他是无极剑宗的首席大弟子,是宗门的希望,是同辈中的翘楚。他有自己的骄傲,有自己的尊严。跪下,去舔一个女人的鞋子?这比杀了他还要难受。
可是……瑶儿……
他一生的挚爱,那个在他最落魄时不离不弃,那个满心满眼都是他的女孩……他怎么能看着她被人如此折磨?
慕容雪没有催促,只是带着浅浅的笑意,欣赏着陆言脸上那痛苦、挣扎、愤怒、绝望交织的神情。脸上浮现的是一种病态的快感。
洞府内的空气仿佛凝固了,只有水滴声依旧在单调地回响。时间在这一刻变得无比漫长。
陆言紧紧地攥着拳头,指甲深深地嵌入掌心,鲜血顺着指缝滴落,他却浑然不觉。
他开口了,声音因为伤势而有些嘶哑,但语气却异常平稳,听不出丝毫的惊惶。
「阁下究竟是谁?我与阁下素未谋面,无冤无仇。我无极剑宗虽非九州顶尖大派,但也一向与人为善,从未听闻与哪方势力结下如此血海深仇。」
陆言的大脑在飞速运转,分析着每一种可能性。
「若是为了寻仇,总该有个缘由。若是为了求财……我无极剑宗所有典籍、灵石、法宝,阁下尽可以取走。若阁下愿意放过我与师妹,陆言愿立下心魔大誓,今日之事,永不追究。」
他没有提报仇,只谈生路。这是弱者在面对无法抗衡的强者时,唯一能做的尝试。
慕容雪静静地听着,脸上的表情像是第一次听人说话的稚童,充满了好奇。她歪着头,纤长的睫毛扑闪着,似乎在认真思考陆言的话。
有戏?
陆言心中一紧,看到了一线希望的曙光。
她既然肯听,就说明她不是一个纯粹的疯子,她的行为必然有其目的!
云瑶也被踩在地上,紧张地看着这一幕。她不敢发出任何声音,生怕打扰了陆言,只能将所有的希望寄托在自己的师兄身上。
半晌,慕容雪终于开口了。
「寻仇?」
她重复了一遍这个词,然后像是想到了什么好笑的事情,噗嗤一声笑了出来,笑声清脆悦耳,如银铃摇晃。
「我为什么要寻你们的仇?你们……也配吗?」
一句话,就将陆言所有的猜测推翻。她的语气并非狂傲,而是一种理所当然的陈述。就像巨龙不会去记恨一只挡路的蝼蚁,她根本不认为无极剑宗有资格成为她的仇人。
陆言的心沉了下去,有些摸不着头脑,但他还是不想放弃。
「既然不是寻仇,那定是为利而来。阁下神通广大,想必也看得出我身负些许微末天赋。若阁下愿收我为徒,或者为奴为仆,陆言也心甘情愿,只求阁下能放过……」
他的话还没说完,就被慕容雪不耐烦地打断了。
「为利?为徒?为奴?」
她脸上的笑容消失了,取而代之的是一种让陆言感到彻骨冰寒的冷漠。
「小狗狗,你是不是搞错了什么?」
她向前一步,弯下腰,用那双不染尘埃的手,轻轻拍了拍陆言的脸颊。动作很轻,甚至带着一种近乎亲昵的意味。
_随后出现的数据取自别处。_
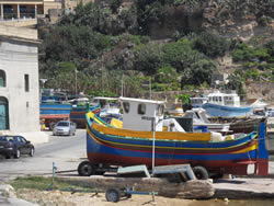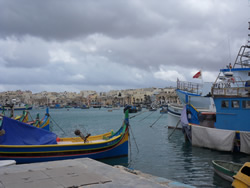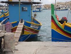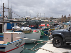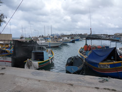 Our next destination was to "Marsaxlokk, a fishing village to the south. This is a place to admire the typical brightly coloured fishing boats known as II-Luzzu", fishing nets that are most of the times spread on the quay to dry on the sun, other fishermen can be seen mending their nets". Or so the literature said. The village was truly a rather large town, with a back drop of a container port, still we had an hour and a half to kill for lunch here.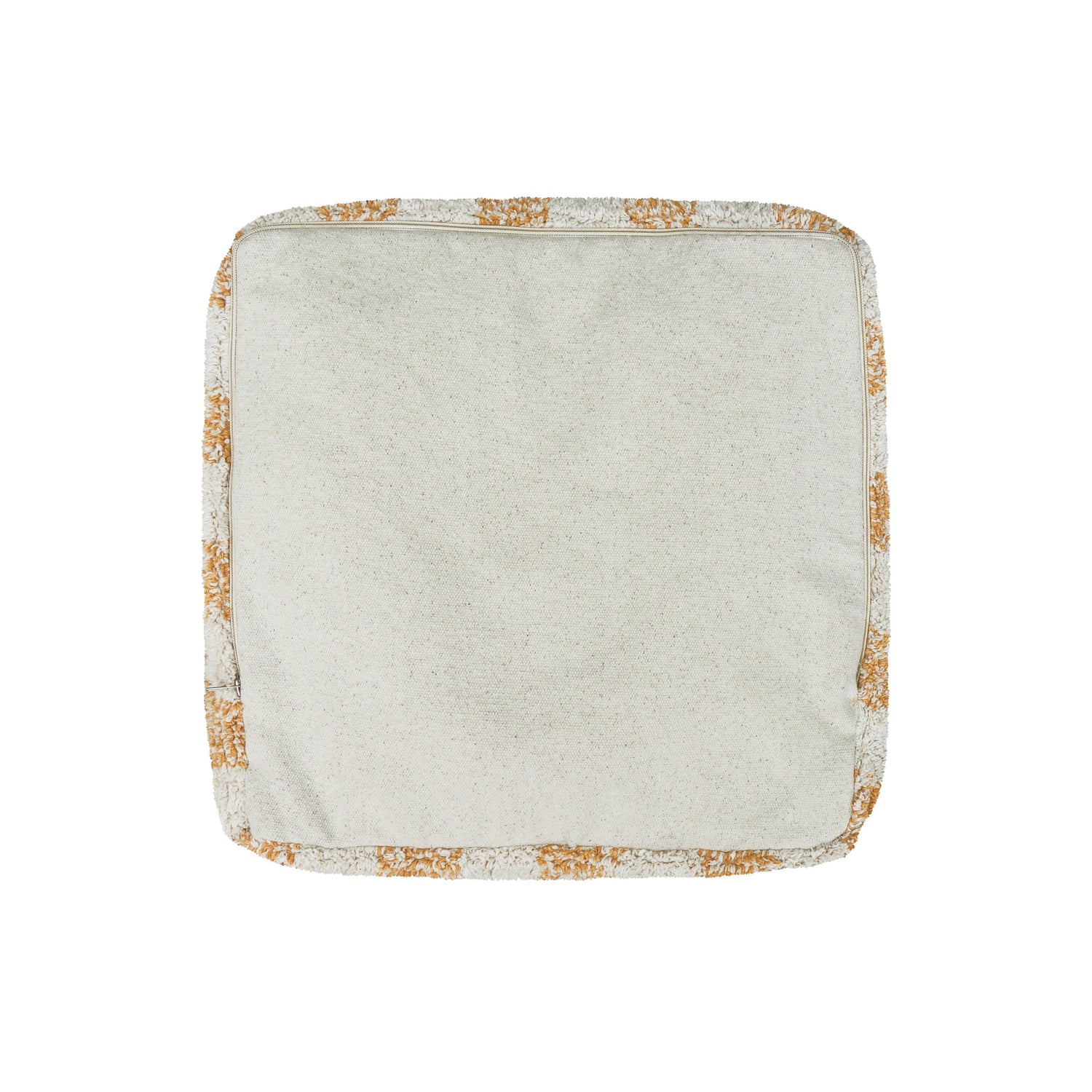 Designed in warm honey and natural tones, it brings a boho-chic aesthetic while complementing other pieces in the Little Chefs collection. The cover is crafted from recycled cotton canvas with a soft cotton pile, ensuring comfort and durability. Plus, the zipper at the bottom allows for easy removal of the filler, making it machine-washable for effortless maintenance.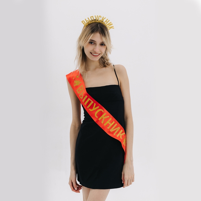 Карнавальный набор «Выпускник» — эффектное дополнение к выпускному костюму для студентов. Лента прекрасно подчеркнёт образ, а ободок с надписью добавит игривости.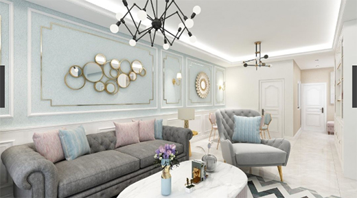 軟裝的線條增強了空間的層次感,配搭藝術(shù)涂料貝殼彩片系列,成就空間之美。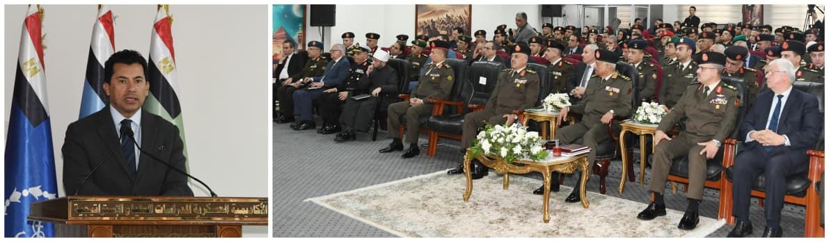 وألقى اللواء أح عاطف عبد الرؤوف محمود مدير الأكاديمية العسكرية للدراسات العليا والاستراتيجية كلمة قدم خلالها الشكر للقيادة العامة للقوات المسلحة على تقديم كافة أوجه الدعم للارتقاء بالمستوى العلمى والبحثى داخل الأكاديمية بما يمكنها من الارتقاء بمستوى الدارسين وفقاً لمنظور علمى متميز، مشيراً إلى أن فعاليات البحث تأتى فى ظل التحديات المتسارعة التى تواجهها المنطقة والتى من شأنها المساس بأمن مصر القومى.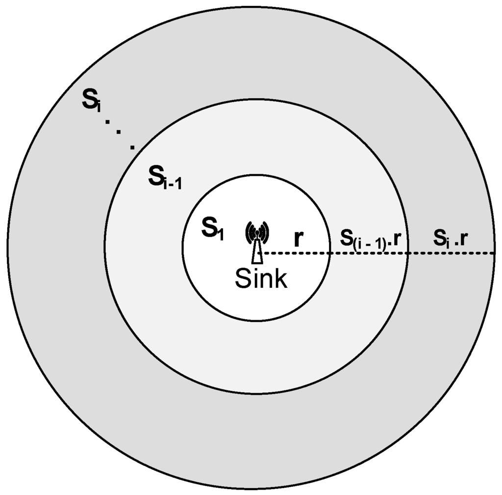 Location awareness (Equations (8) and (10) are used to find the neighbors of a node. Once the neighbors are identified, suitable relays are needed to forward the data from source to destination. In order to select/choose the relays, the network area is divided into regions known as Ring Sectors . The maximum number of ring sectors depends on the network radius R and the optimum transmission distance threshold . Relation between R and can be found from Equations (13) and (16) in [9]. Using these two equations, we find for different R. Using values of , we find . The slice containing sink is denoted by with radius r. Next to is where with radius and , respectively, as shown in Figure 3. The total number of nodes in each Ring Sector is n such that the total number of nodes in the network is N ().

「我屠你宗门,抓你过来,不需要任何理由。就像我想踩死一只蚂蚁,需要跟蚂蟻解释为什么吗?我只是……想这么做而已。」
她直起身,脸上的笑容又回来了,那种天真无邪的笑容。
「至于你……」
她的目光在陆言身上肆无忌惮地打量着,就像在看一件窸窣平常的物品。
「你不是我的奴仆,你只是我的玩具。我今天想把你拆开看看,明天想把你重新拼起来,后天觉得不好玩了,就随手丢掉。你明白了吗?」
什么......!
不……不是这样的……一定有什么原因……
陆言的大脑一片混乱。
他修道二十年所建立的、基于逻辑和因果的世界观,在这一刻被碾得粉碎。
眼前这个少女的行为模式,完全超出了他的理解范畴。
没有仇恨,不为利益,仅仅是因为“喜欢”和“想”,就能做出屠人满门的血腥之事。
这根本不是修士,甚至不是魔头。魔道中人行事尚有迹可循,或为功法,或为血食,或为修炼。
而她……她只是在玩?
一种比死亡更深沉的恐惧,攫住了陆言的心脏。
面对一个讲道理的敌人,他尚有周旋的余地;可面对一个将一切都视为游戏的疯子,他所有的智慧和口才,都成了徒劳的挣扎。
陆言茫然地抬起头,看向慕容雪。他心中的困惑达到了顶点。
「看来,跟你讲道理是讲不通的了。」
慕容雪似乎失去了耐心,她轻轻地叹了口气,像是在为陆言的愚笨而惋惜。
「小狗狗就是小狗狗,听不懂人话,只认得痛。」
她转过身,抬起脚,不再是踩着云瑶的后背,而是直接踩在了云瑶的手指上。
然后,缓缓地,用力地,碾了下去。
「啊——!!」
骨骼碎裂的清脆声响和云瑶凄厉的惨叫声,同时在幽静的洞府中响起。那声音如同烧红的烙铁,狠狠地烫在陆言的心上。
「瑶儿!」陆言双目赤红,状若疯虎,他挣扎着想要扑过去,却被无形的力量死死压在地上,只能眼睁睁地看着云瑶痛得浑身抽搐,面无人色。
「住手!你给我住手!」他疯狂地咆哮着。
慕容雪置若罔闻,她甚至还饶有兴致地转了转脚踝,让云瑶的指骨在她的鞋底发出更加令人牙酸的“咯吱”声。
「怎么样?现在能听懂我的话了吗?」
她居高临下地看着陆言,脸上依旧是那副天真无邪的表情。
「我再问你最后一遍。」
她的声音陡然变冷,带着不容置疑的威严。